As we move to the southeast the bushes are larger; some of them are three feet high. A moss grows, besides the sprigs of grass, on which the llamas feed, as they slowly move under loads of grain on the way to the grist-mill.
Scarcity of vegetables appears to produce an intimacy among animals. Here the sheep graze in flocks, exclusive of horned cattle or horses, and the vicuña keeps aloof from all; but in less productive places, vicuñas are found eating from the same scanty table with the sheep and llamas. Animals which inhabit the highest atmospheres are obliged to come down among those below them.
The Puna seems the natural elevation for sheep; they thrive best there. The llama don't do so well. The place of the vicuña is between these two mountainous distributions of animal life. Horned cattle and horses are above their station here, and thrive badly. The hog dives down into the very sloppy bottom; his greediness could not be satisfied on the upper plains; he would certainly perish for want of food, and is never found at such altitudes, unless forced up.
There is a sparse population and very little cultivation. The people are supplied with grain and fruits from the ravines on the edge of the Madeira Plata. We changed baggage mules at the town of Sicasica, a flourishing place during the days of wealthy miners, but an uninteresting and lifeless Indian town now.
At the post-house of Oroma, where we spent the night, a party of gentlemen stopped for baggage mules. They were travelling in haste, one being on his way to La Paz to join a wife and children after a banishment of eighteen months. His expressed political opinions happened to differ from those who came into power by force of musketry. His friends had obtained permission for his return, giving security he should not offend in the same way again. He pointed out on the map his wanderings through the wilds of Eastern Bolivia and the province of Matto Grosso in Brazil, and described his sufferings. He had not heard from his family, not knowing, until lately, they were still alive. He laughed and joked about his troubles, as though happy at getting home again.
A priest of the party sat on the baggage listening to our conversation. One inquired if the President of the United States sent those out of the country who expressed political opinions in opposition to his own, and really seemed surprised to learn that sometimes nearly half the nation did not agree with our President in all things, and were not interfered with.

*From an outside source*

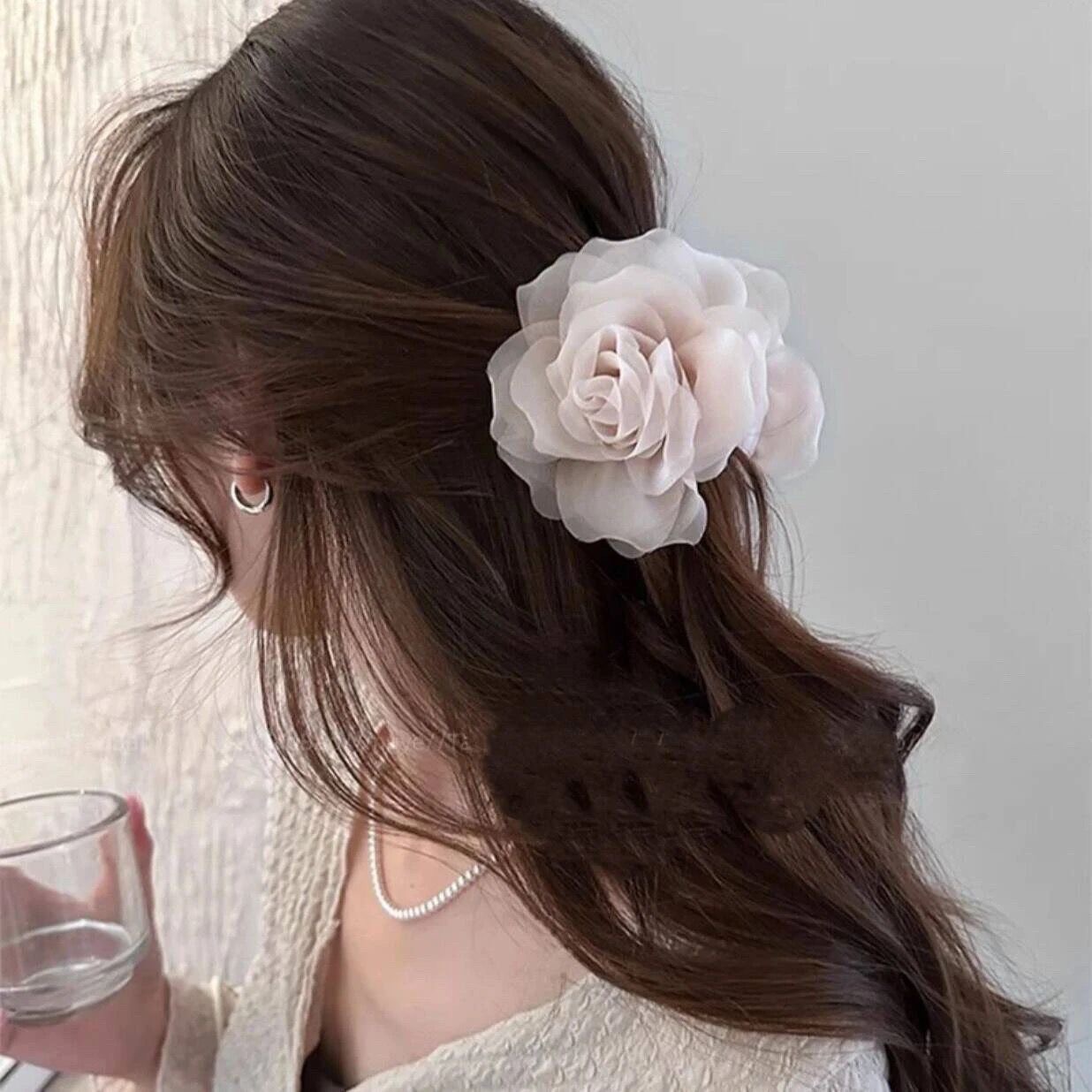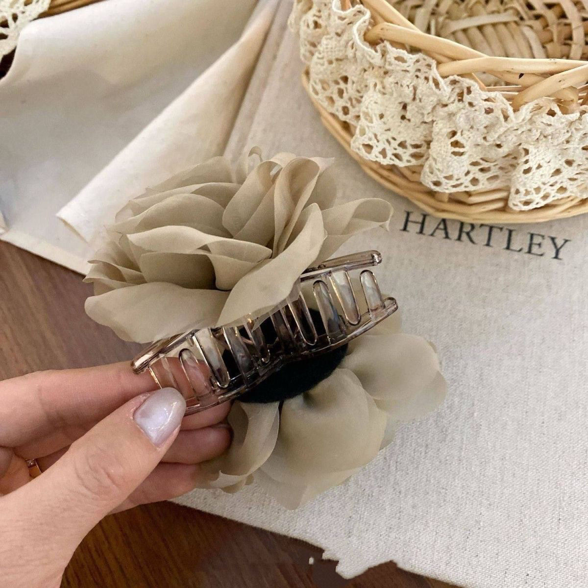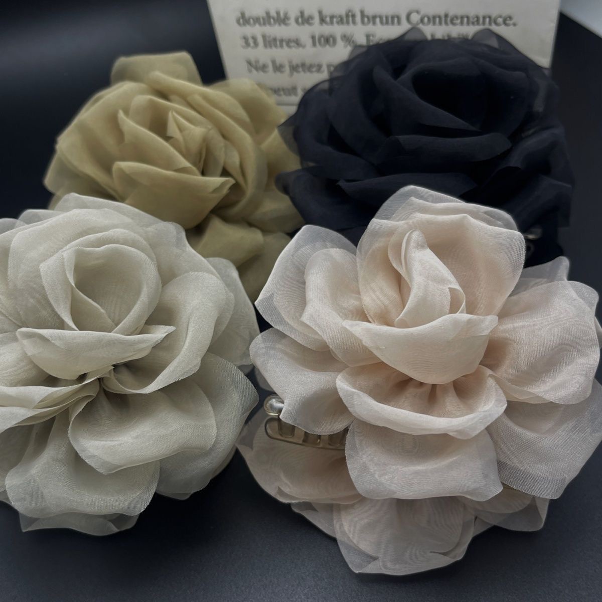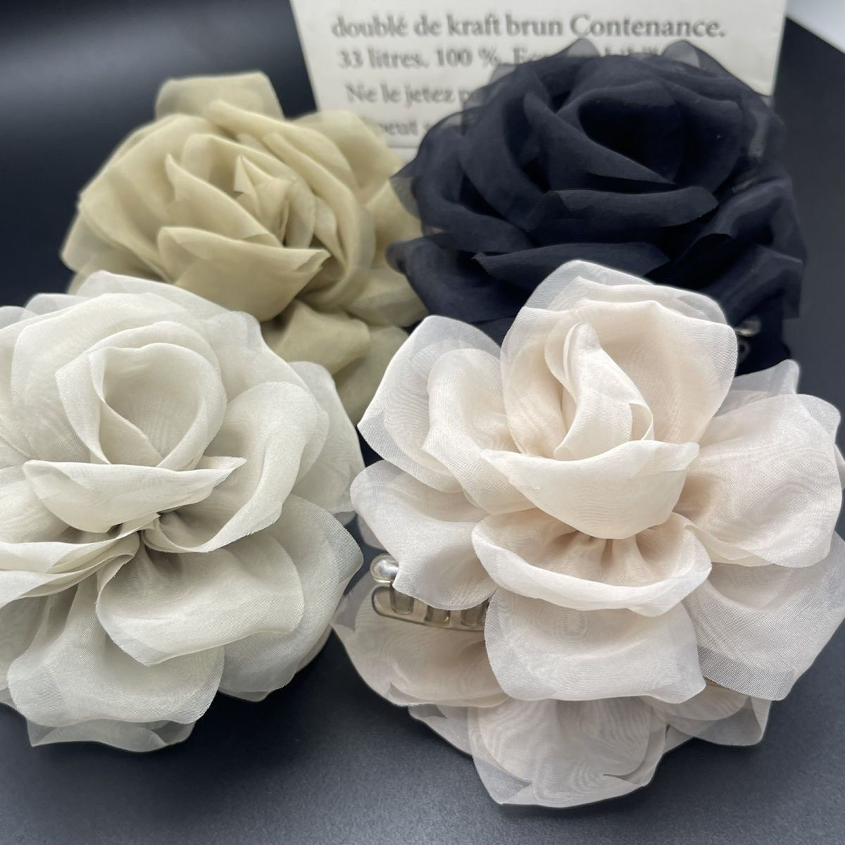 프렌치 스프링 실크 카멜리아 클립 젠틀 스타일 플라워 샤크 클립 2025 뉴 로즈 헤드 헤어 액세서리

Changing mules at Pandura post-house, we arrived at Caracollo, in the department of Oruro, which contains a population of 8,129 Creoles and 86,943 aborigines. This department has produced a large amount of silver.
The city of Oruro, the capital and largest town in the department, has a population of 5,687. One hundred and twenty years ago, it contained a population of 38,000, without counting Indians. This decrease is accounted for by the state of the mines.
There are twelve hundred and fifteen abandoned silver mines near the town, and not less than two hundred gold mines, most of which contain water. Eleven silver mines are still worked.
In the province of Poopo fifteen silver mines are worked, and three hundred and sixteen stand idle; besides which there are four silver mines worked in the province of Carangas, and two hundred and eighty-five abandoned. On the discovery of a mine, it is reported and registered to be taxed. The miners of silver ores are required by law to sell their metal to the government at a certain price. As merchants are willing to pay higher, the silver of Bolivia often passes out of the country in bars. Gold may be exported by paying a duty of three per cent.